Enhancement of the sound absorption of closed-cell mineral foams by perforations: Manufacturing process and model-supported adaptation (2408.14933v1)

Abstract: Thin low-frequency acoustic absorbers that are economical to produce in large quantities are scarce, and their efficiency is often limited to a narrow frequency range. In this paper, we present opportunities to use highly porous mineral foams, in particular optimally designed gypsum foams, to achieve high absorption levels for layers of less than 1/10 of a wavelength thick. To reach this goal, we perforate a fraction of the initially closed pores using thin needles. Finite element simulations of the fluid flow in a representative volume element show how the combination of foam properties (cell size and wall thickness) and perforation pattern (hole diameter and perforation distance) can be chosen such that sub-wavelength absorption is obtained.

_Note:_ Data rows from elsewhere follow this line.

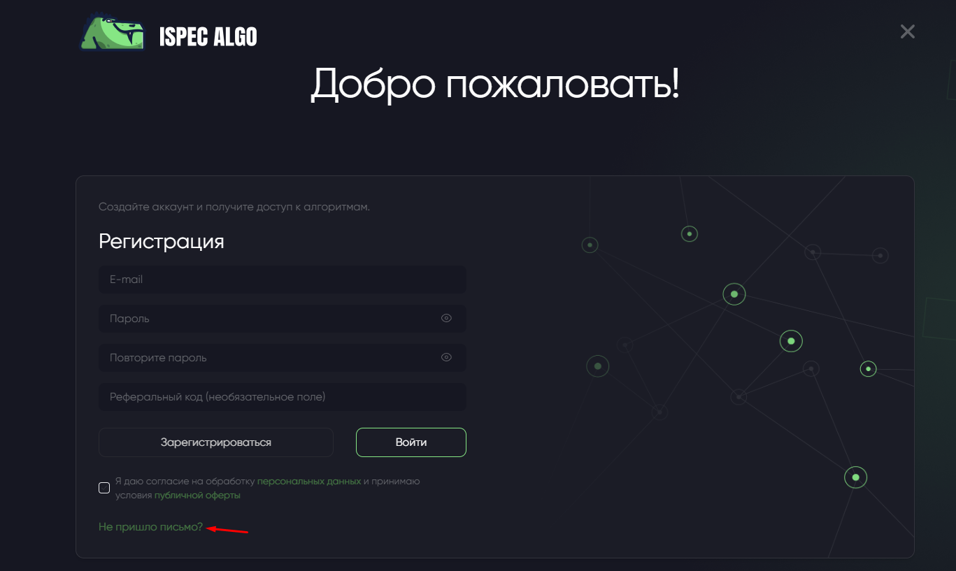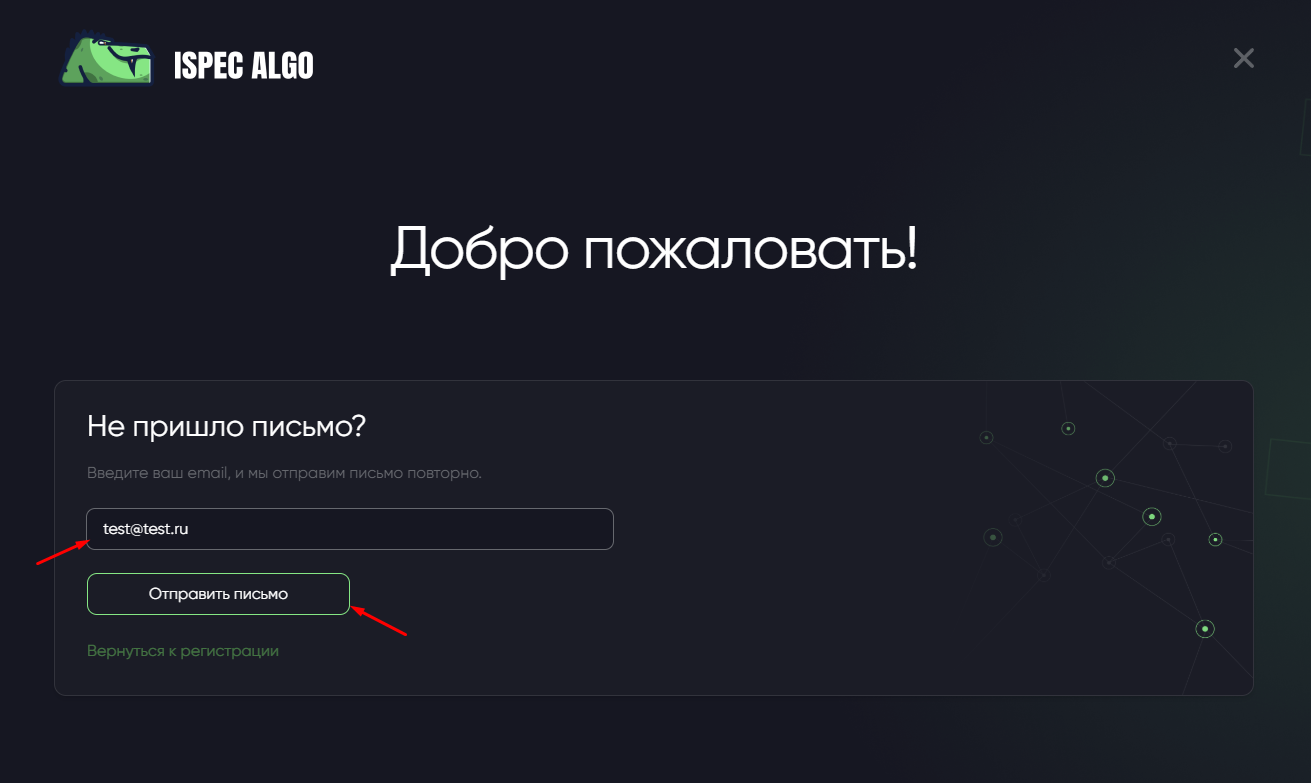 **Если письмо не приходит**, попробуйте отправить его повторно, для этого нажмите **Не пришло письмо ?** в поле Email укажите почту по которой вы регистрировались и нажмите на кнопку **Отправить письмо**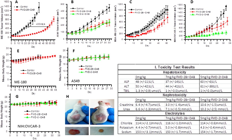 接下来进行多种肿瘤模型小鼠体内试验,发现FMD分子可以有效终止或延缓肿瘤生长。这一效果在顺铂抗性肿瘤中也可出现。有图有真相: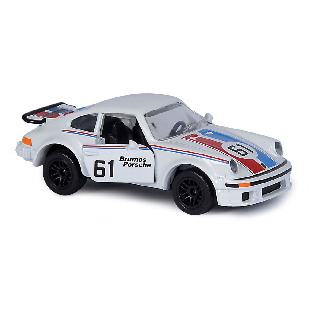 Deze set met vijf Porsche Voertuigen is onmisbaar voor kleine Porsche fans! In de set zit een Porsche 911 GT3 RS, de Porsche 718 Boxster, de Porsche Panamera Turbo en twee exclusieve modellen: de Porsche 911 GT3 RS Weissach en de klassieke Porsche 934 Brumos. Leuk voor in de verzamelkast of om gewoon lekker mee te spelen. De Porsche Voertuigen hebben een gegoten behuizing, rollende wielen en een vering. De voertuigen hebben een lengte van 7,5 centimeter.

In particular two transport parameters used in the approximate but robust Johnson-Champoux-Allard model for porous media have to be optimized: the flow resistivity and high-frequency tortuosity. The fluid flow modeling results are successfully compared with sound absorption measurements, showing indeed that the proposed material, once appropriately perforated, yields a remarkable low-frequency sound absorption peak. On a more fundamental level, this paper shows how the multiporosity, the presence of microcracks, and the material's surface roughness can be exploited to enhance its acoustic absorption at very low frequencies.